Notre Dame alumnus regrets misrepresentation of Catholic teachings by some U. officals

William McGurn, an executive with News Corp and writer of a weekly column for the New York Post regretted yesterday in Denver, CO, the misrepresentation of Catholic doctrine on life issues and politics made recently by some officials of the prestigious University of Notre Dame, once one of the most vibrant Catholic universities in the US.

McGurn, a Notre Dame alumnus, former chief editorial writer for the Wall Street Journal and a member of the University of Notre Dame’s Asian Studies Advisory Committee, delivered  the “Robert P. Casey Lecture on Catholic Faith and Public Life,” on Tuesday at the John Paul II Center in Denver.

His remarks were followed by by Denver district attorney, Bill Ritter and the executive director of the Colorado Catholic Conference, Timothy Dore. 

McGurn, lamenting the silencing of the voice of pro-life members of the Democratic Party, said that “it simply no longer matters which name is on the Democratic ticket, because on this issue [of abortion] the party has spoken… The Democratic Party’s Catholics, Mr.

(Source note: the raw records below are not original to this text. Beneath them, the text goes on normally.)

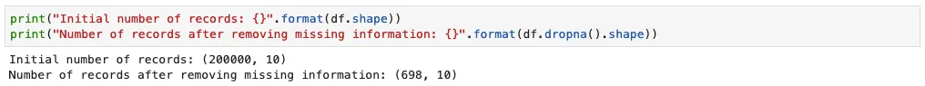 Regarding missing information (and since we are aiming for a fast solution) one way could be to drop every row that contains at least one missing element. This is not a good practice and below you can see why: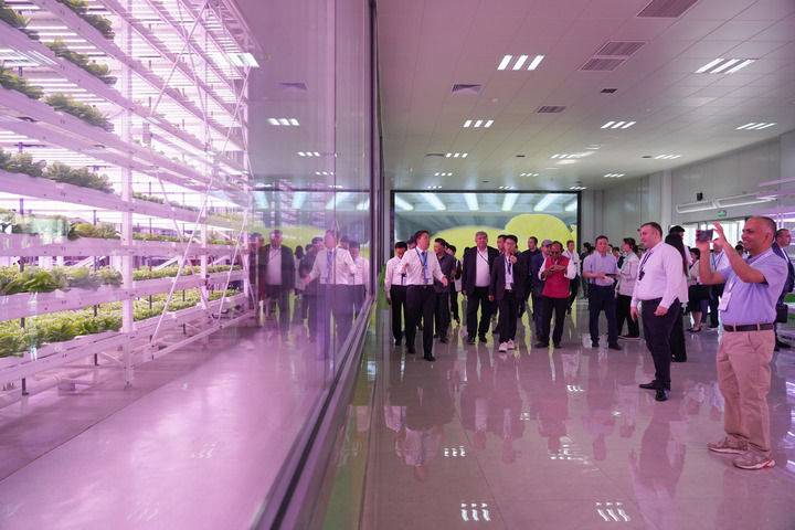 5月19日,上海合作組織減貧和可持續發展論壇與會人員在陜西楊凌智慧農業示范園進行實地考察。新華社記者 邵瑞 攝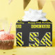 This attention-grabbing, bold, birthday-themed wrapping paper design features a large number "54", with a yellow and black striped pattern. It also features the message "Happy 54th Birthday,", and a personalized name. The background is coloured black. Fun wrapping paper like this might be used when wrapping presents being given to somebody in celebration of their 54th birthday. [~Z0000381]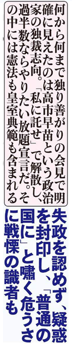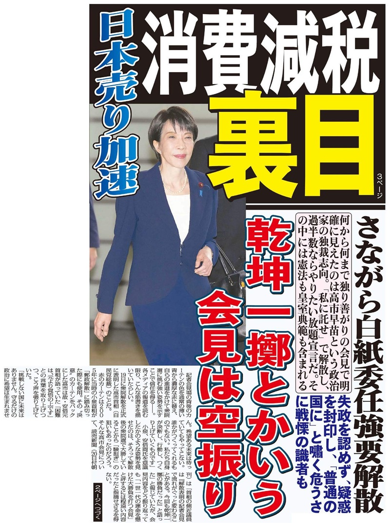 そして仮に高市が白紙委任状を握ったら最悪だ。その中には憲法も皇室典範も含まれるからだ。失政を認めず、疑惑を封印し、「普通の国になるだけ」と嘯く危うさに元外務審議官の田中均氏も戦慄を覚えたようだ。

Kerry included, publicly declare either that they accept that life begins at conception or are otherwise “personally opposed” to abortion, or both.”

Recalling the recent New York Times article by Mark Roche, Dean of the College of Arts and Letters of the University of Notre Dame in which, while likening abortion to slavery and torture, argued that Kerry was the obvious choice for Catholics in this election because of his position on other issues, such as healthcare, the war in Iraq, the environment, etc., McGurn noted that Roche, while not speaking for Notre Dame, was not an anomaly among Notre Dame deans.

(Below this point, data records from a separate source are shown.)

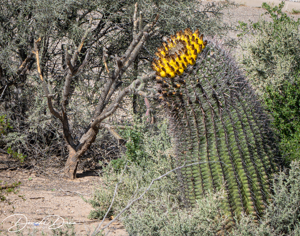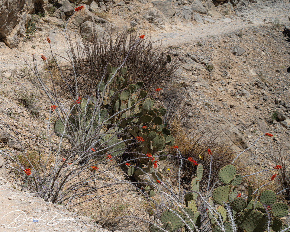 It was on one of the viewing platforms that I almost met my demise. Stepping high to a concrete platform, I tripped and fell, making a three-point landing: both knees and my CAMERA/LENS. While I as bloodied and skinned up, the camera received the brunt of the fall, receiving several deep scratches. Fortunately, it still worked after turning it off and removing and replacing the battery. The bad news is that it now has little resale value! The lens was no worse for wear. Nevertheless, the canyon was photographed and several Cacti were in full bloom. Who knew this spiny plants could offer such pretty flowers.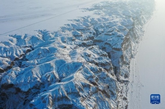 這是在新疆阿勒泰地區(qū)福??h拍攝的海上魔鬼城冬景(12月21日攝,無人機照片)。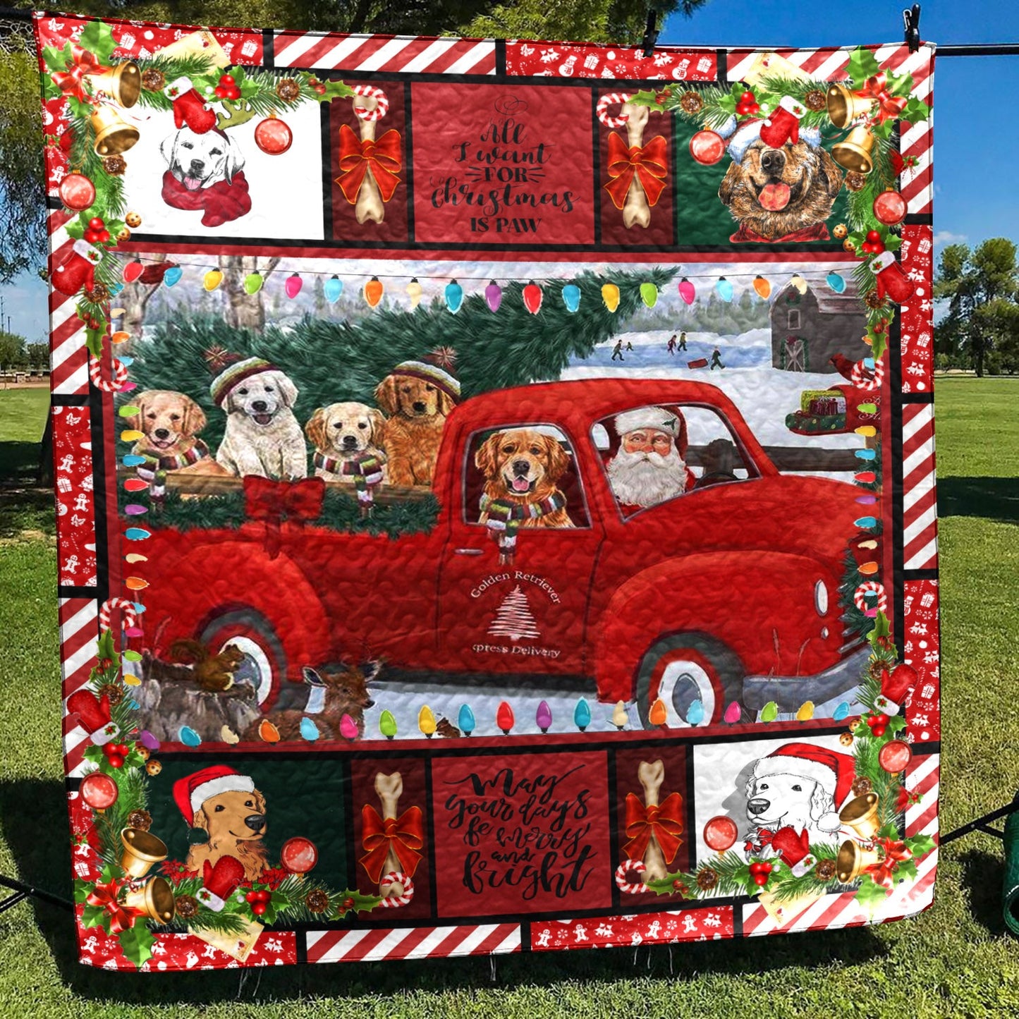 Golden Retriever Christmas CL15100192MDQ Quilt Blanket

“In the three decades since Roe rent asunder the laws and legislative compromises that had defined and limited abortion in America,” said McGurn, “Notre Dame, in its most public on this issue, has sadly been distinguished for an astonishing ability to come up with, at critical moments in this debate, convenient pretexts for the look-the-other-way crowd.”

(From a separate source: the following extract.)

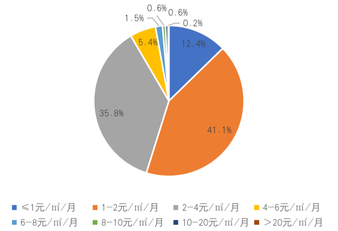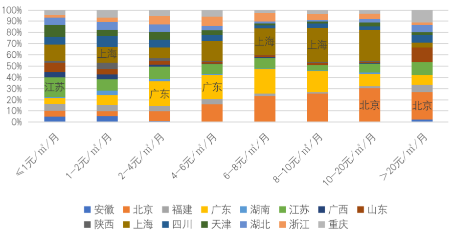 其中10-20元/㎡/月價(jià)格段中北京、上海兩市合計(jì)占比近60%,一線城市高物業(yè)費(fèi)壟斷明顯。

He noted that the “crude calculus in which unequivocal Catholic teaching on the intrinsic evil of the taking of the most innocent life is weighed against judgment calls” on issues such as the death penalty and represented in Roche’s article, was also applied by Fr. Theodore Hesburgh, president emeritus of Notre Dame, who used to hold the line that “while Republicans who were against abortion agreed with only 5% of Catholic teaching, Democrats who were pro-choice were on the Catholic side in 95% of the other issues.”